GIVEN INFORMATION:
---*---

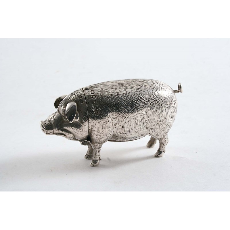 AN EDWARDIAN NOVELTY VESTA CASE in the form of a pig with textured hair, by Cohen & Charles, Birmingham 1908; 2.75" (7 cms) long; 0.75 oz
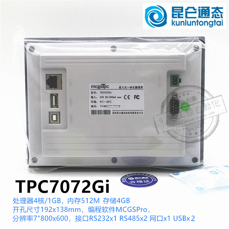(TPC7072Gi) 7-inch Ethernet port Kunlun on-state McgsPro touch screen 4G large memory
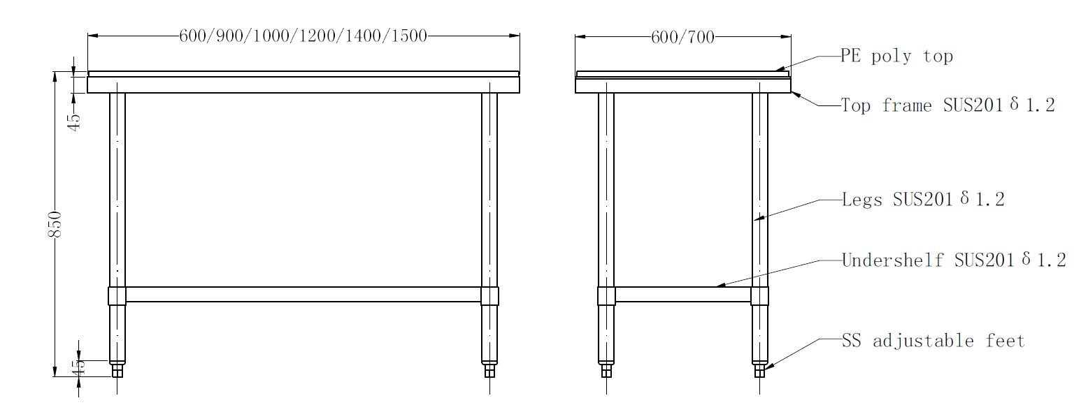 700 Snij Werktafel Bodemschap Demontabel 1000 | 7490.0290

---*---

YOUR INSTRUCTIONS:
The expected response is every line of the material, written out exactly, with the images removed.

TASK ANSWER:
 AN EDWARDIAN NOVELTY VESTA CASE in the form of a pig with textured hair, by Cohen & Charles, Birmingham 1908; 2.75" (7 cms) long; 0.75 oz
(TPC7072Gi) 7-inch Ethernet port Kunlun on-state McgsPro touch screen 4G large memory
 700 Snij Werktafel Bodemschap Demontabel 1000 | 7490.0290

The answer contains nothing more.